Re-enactment of battle that ended 1798 rebellion
Re-enactment of battle that ended 1798 rebellion


An upcoming festival will see hundreds take part in a re-enactment of one of the most important clashes to have occurred during the 1798 United Irishmen rebellion.

The 225th anniversary commemoration of the Battle of Ballinamuck starts on Thursday in County Longford, kicking off four days of events centred around a bloody clash that would signal the end of the United Irishmen’s bid to be free of British rule.

The battle saw United Irishmen and French allies led by General Humbert face off against British troops on September 8, 1798, two months after one of the rebellion leaders, Henry Joy McCracken, was executed in Belfast.

It was the last major engagement of the 1798 rebellion. Twelve days earlier, with 1,100 French troops and 1,500 Irish, Humbert had beaten a much larger force under British General Lake at Castlebar.

With Lake in pursuit, joined by Lord Cornwallis’ 20,000 troops from Dublin, he tried to join up with surviving rebel forces. After an overnight chase, Lake caught up with him in County Longford.

Humbert had planned to join forces with 3,000 United Irishmen he believed to be near Granard. On the night of September 7th they stopped at Cloone for four hours’ rest. Lord Cornwallis marched to Ballinalee, to cut them off, sending orders to General Lake to attack from the rear. Lake’s advance guard arrived in Cloone, to discover that the French had left only an hour before.

Humbert’s men were spread out along the road. While Humbert waited for them in Ballinamuck, his rearguard of 200 men, under Gen. Sarrazin, surrendered after a brief skirmish at Kiltycrevagh (Croppies Gap).

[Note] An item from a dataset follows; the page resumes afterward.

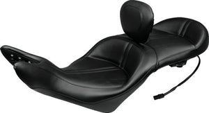 Mustang's one-piece touring seat features a wide bucket radius for both the front and rear seating areas, as well as a slightly lower seating position for both. Not only does Mustang's more comfortable design let the driver sit back into the 17.5" wide seat but the front nose area has been designed to eliminate that "crowded" feeling. The lower nose area also helps ensure that one's boots more securely reach the ground. The built-in driver backrest is fully adjustable, easily removable and offers more features than any other backrest on the market. The passenger is fully supported in a 15.5" wide bucket that is contoured for comfort.

Humbert moved up Shanmullagh Hill with 400 men, while General Blake with a battalion of pikemen and a company of French grenadiers under Capt.

Jobit took up position along the road. Jobit ordered his grenadiers to attack across the bog, but they sank into it and were forced to surrender.

General Lake now arrived in the valley with large forces and attacked the left flank of Shanmullagh Hill.

This was repeatedly repelled by a detachment of pikemen. Meanwhile, Lake sent a large detachment of cavalry and infantry around the hill, undercover to attack Humbert from the rear. Humbert was surprised by cannon fire followed by a cavalry charge and forced to surrender in minutes.

On the roadway, cannon fire was exchanged, and Lake’s cavalry were repulsed repeatedly by Blake’s pikemen and Magee’s cannon. Blake led his men along the foot of Shanmullagh Hill for a flank attack on the road, but when he got there, Humbert had surrendered.

The rebels fought with the courage of desperation, as they realised that they were to be shown no mercy. Many fled into the bog , where the cavalry could not follow, but they were surrounded by muskets and slaughtered.

The Irish battalions on the top of the hill watched, as the French were treated with all the civilities of a formal surrender but were themselves then set upon and slaughtered without mercy. Five hundred are believed to have been buried in mass graves on the hill.

This Saturday will see the battle re-enacted in Ballinamuck by hundreds of participants in period costume, with visitors able to watch the event and also visit a ‘living history’ campsite based on where troops waited amid tents on the eve of the clash.

Other events to take place during the commemoration festival include a family fun day, guided history tours, poetry and storytelling workshops, and demonstrations of blacksmith forging.

A re-enactment of a famous Gaelic football match in 1898 between the Ballinamuck Kickers and Mullahoran Dreadnoughts will also take place, with the involvement of local GAA clubs.

Ahead of Saturday’s re-enactment, a recreation of the march to battle by troops will take place.

A commemoration spokesperson said: “The march, which is approximately 8km in length, takes place to signify and remember that fatal day when General Humbert marched his men from Cloone in 1798.

“They marched with such bravery to support the Irish in the Battle of Ballinamuck.”

This reenactment march will include horses, uniformed personnel, carts and all who wish to take part. All who wish to participate must register through the link on as buses will transfer people to the site on the day.

The march is also a chance to be dressed in period costume too and commemoration organisers are urging as many people as possible to log on to the website for information on the costume requirements so that the enactment looks as authentic as possible.